Unlike Ms. Oster, senior David Zamara chose not to go into internal medicine. When he entered medical school at the University of Arizona, he was sure he'd become an internist and hewed to that goal for much of his first three years. But a rotation through the emergency room at the end of his third year changed his mind.
"I felt very comfortable in an emergency department and had a great rapport with the emergency medicine residents," he said. "I rearranged my fourth-year schedule to include two ED rotations, after which my initial feelings were confirmed."
The intensity of emergency medicine helped seal his decision. "The diagnostic challenge of having a new patient every few minutes was like a never-ending game that I couldn't get enough of."
Mr. Zamara will be doing his residency at Christiana Care Health System, in Newark, Del., which has a level-one trauma center.
Lifestyle concerns also played into Mr. Zamara's decision, especially the prospect of paying off his $150,000 of student loans on an internist's salary. "I thought hard about my future," he said, "looked at my three children and realized that I didn't want to be 60 years old, in debt because of my loans, and missing my children's lives."
As in recent years, many of the internal medicine residency slots not filled by U.S. seniors will go to international medical graduates (IMGs).
In this year's Match, the number of international medical graduates who applied increased for the second year in a row, hitting 5,671. That number rose nearly 13% over last year's figures—when more than 10% more IMGs applied to the Match than in 2002. Their number had fallen in the three prior years.
To Dr. Guze, the increase in the number of IMGs is good news. "A lot of inner city internal medicine programs and programs serving rural indigent populations depend on IMGs," she pointed out.

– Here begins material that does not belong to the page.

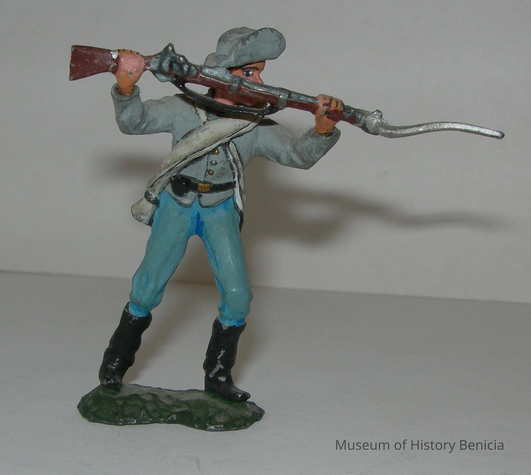 toy soldier with rifle in position to stab someone with his bayonette; gray coat and hat indicate a confederate/rebel soldier; good detail with uniform and accessories, appears to be hand-painted; standing on a flat base; metalCollection
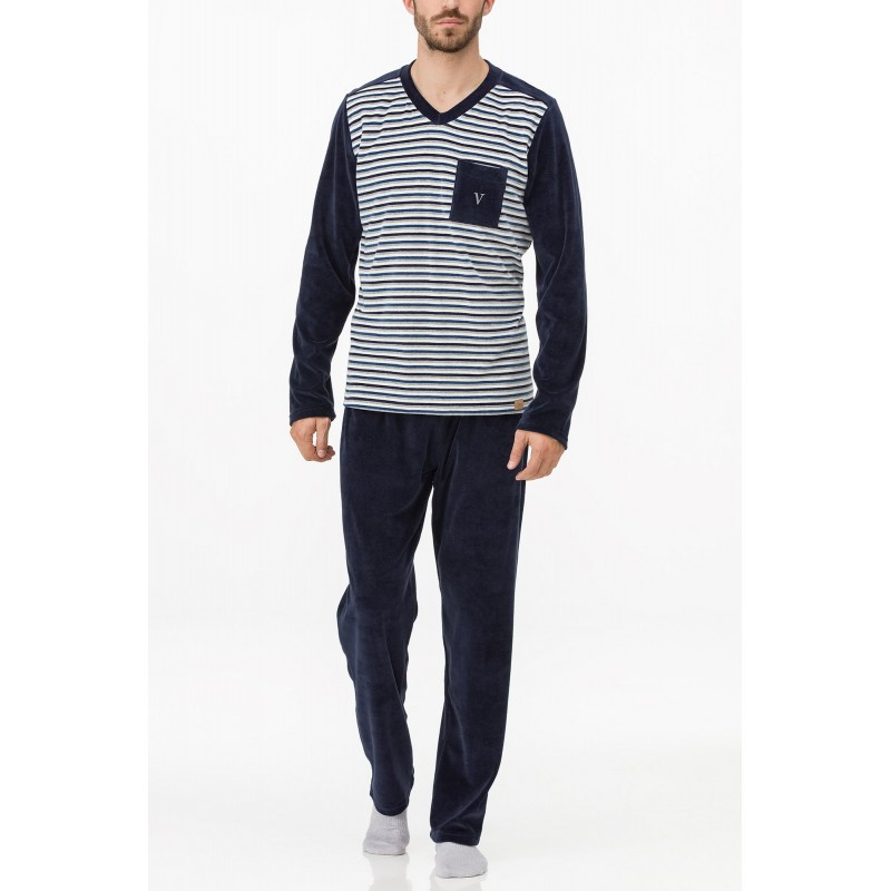 Produkt Pánské pyžamo 11737 - Vamp prodáváme v těchto velikostech: Ma barvách tm.modrá s proužky

She also worries that the number of IMGs in the Match could fall in coming years if foreign students can't get visas. "If issues of homeland security continue to be important," she said, "that could be a problem."
Another group that has helped fill the ranks of internal medicine programs is osteopaths. The number of osteopaths in the Match has increased every year since at least 1999, their numbers rising 58% over that period. Between 2003 and this year, the number of osteopaths in the Match rose 11%, reaching 1,559.
Tim Gray is a freelance writer based in Philadelphia.